The Irish Minstrels have a rich history dating back to January 1957 being the first branch of the organisation to form outside of Ireland. It is impossible to document every important event that has taken place over the years however the following brief passage has been taken from a special booklet produced in 2007 to mark the branches 50th anniversary - Itself based on articles by Pat McAleer and Joe Mullarkey
In the mid fifties Owen Kelly purchased a copy of the Anglo Celt every week. Being a great follower of the Cavan football team, he not only wanted to know all there was to know abut the team but also all about what was happening in Cavan. Increasingly he noticed articles about the great steps being taken in promoting traditional music largely as a result of the formation of Comhaltas Ceoltóirí Éireann in ireland in 1951. Owen discussed the rise of CCÉ with his friend Jimmy McHugh, himself a well-known and well-respected fiddler, and the two of them decided to look in to the matter, which ended up in the formation of the Irish Minstrels branch in January 1957 - the first branch of CCÉ to be formed outside Ireland.

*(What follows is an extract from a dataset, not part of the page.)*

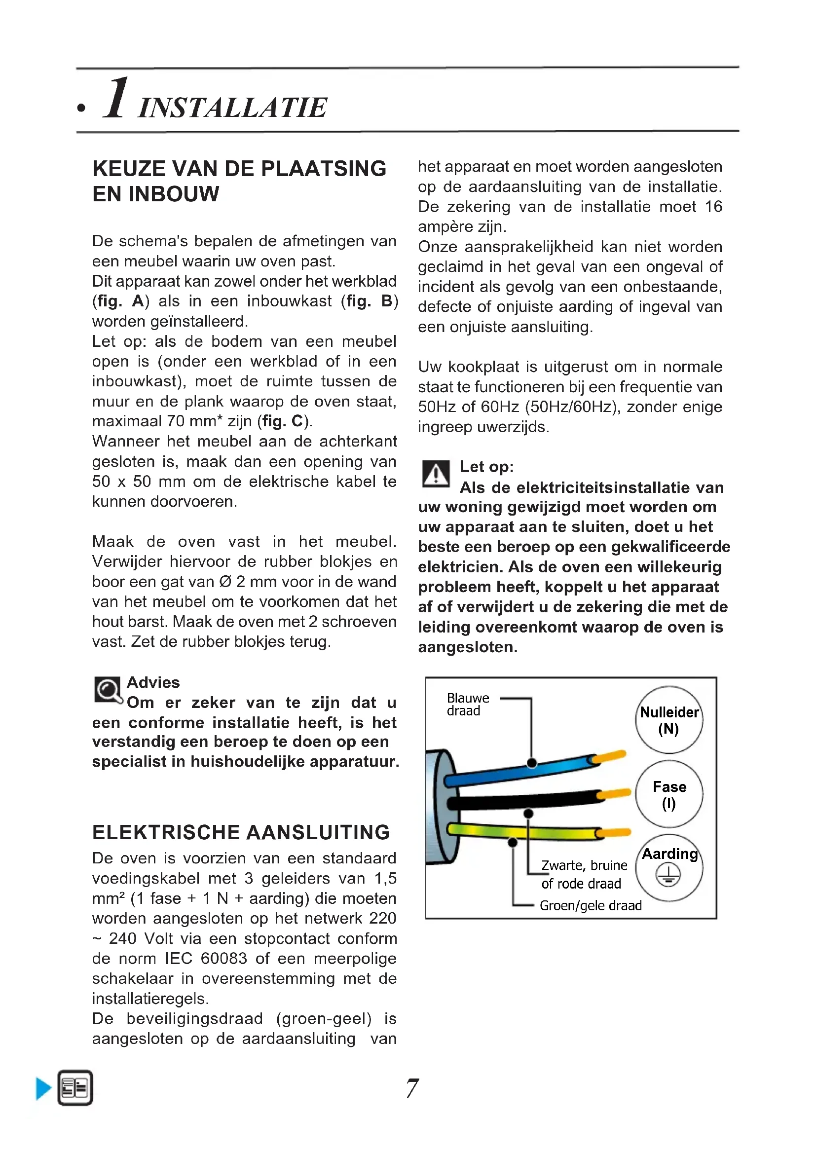 EN INBOUW De schema's bepalen de afmetingen van een meubel waarin uw oven past.Dit apparaat kan zowel onder het werkblad (g. A) als in een inbouwkast (g. B) worden geïnstalleerd. Let op: als de bodem van een meubel open is (onder een werkblad of in een inbouwkast), moet de ruimte tussen de muur en de plank waarop de oven staat, maximaal 70 mm* zijn (g. C).Wanneer het meubel aan de achterkant gesloten is, maak dan een opening van 50 x 50 mm om de elektrische kabel te kunnen doorvoeren.Maak de oven vast in het meubel. Verwijder hiervoor de rubber blokjes en boor een gat van Ø 2 mm voor in de wand van het meubel om te voorkomen dat het hout barst. Maak de oven met 2 schroeven vast. Zet de rubber blokjes terug.Advies Om er zeker van te zijn dat u een conforme installatie heeft, is het verstandig een beroep te doen op een specialist in huishoudelijke apparatuur. ELEKTRISCHE AANSLUITING De oven is voorzien van een standaard voedingskabel met 3 geleiders van 1,5 mm² (1 fase + 1 N + aarding) die moeten worden aangesloten op het netwerk 220 ~ 240 Volt via een stopcontact conform de norm IEC 60083 of een meerpolige schakelaar in overeenstemming met de installatieregels.De beveiligingsdraad (groen-geel) is aangesloten op de aardaansluiting van het apparaat en moet worden aangesloten op de aardaansluiting van de installatie. De zekering van de installatie moet 16 ampère zijn.Onze aansprakelijkheid kan niet worden geclaimd in het geval van een ongeval of incident als gevolg van een onbestaande, defecte of onjuiste aarding of ingeval van een onjuiste aansluiting.Uw kookplaat is uitgerust om in normale staat te functioneren bij een frequentie van 50Hz of 60Hz (50Hz/60Hz), zonder enige ingreep uwerzijds.Let op: Als de elektriciteitsinstallatie van uw woning gewijzigd moet worden om uw apparaat aan te sluiten, doet u het beste een beroep op een gekwaliceerde elektricien. Als de oven een willekeurig probleem heeft, koppelt u het apparaat af of verwijdert u de zekering die met de leiding overeenkomt waarop de oven is aangesloten. Blauwe draad Nulleider (N) Fase (l) Zwarte, bruine of rode draad Groen/gele draad Aarding8

Jimmy encouraged other Glasgow-Irish musicians to join, notably Pat McNulty, and the first meeting was set up at which the following committee was elected:
Jimmy McHugh (Chairman)
Donal Boyle (Vice Chairman)
Annie McGrath (Secretary)
Owen Kelly (Treasurer)
Anne McHugh (Assistant Secretary)
Christy Darby, Pat McCusker and Pat Hetherson were also present at that first meeting. Pat McNulty and Liam McCabe were involved very early in the branch, followed shortly by Lena Tierney. Rose Friel put in an early appearance in the first concert held by the branch and was involved for many years after. Indeed, now in her eighties, she still manages to give us a well delivered song when she attends one of our functions. 'Round the fires' were held every week in the early months in a small hall near the Gorbals and moved within a few months to the A.O.H. Hall in Royston Road. In addition to promoting traditional music and ballad singing, céilithe were held regularly.
On the 6th October 1957 the Irish Minstrels held their first annual concert in Govan Town Hall with some leading visiting artistes:
Sean O'Siochan (Cork)
Margaret O'Reilly (Cavan)
Martin Mulhare (Galway)
Sean Seery (Dublin)
Robert McMahon (Clare)
John J. Sheridan and our own Jimmy McHugh (fiddle) who went on to win All-Ireland honours, Paddy Carr (accordion), Rose Friel (ballad singer), and Pat McNulty (Uileann pipes). The Charlie Kelly School of Irish Dancing gave dancing displays.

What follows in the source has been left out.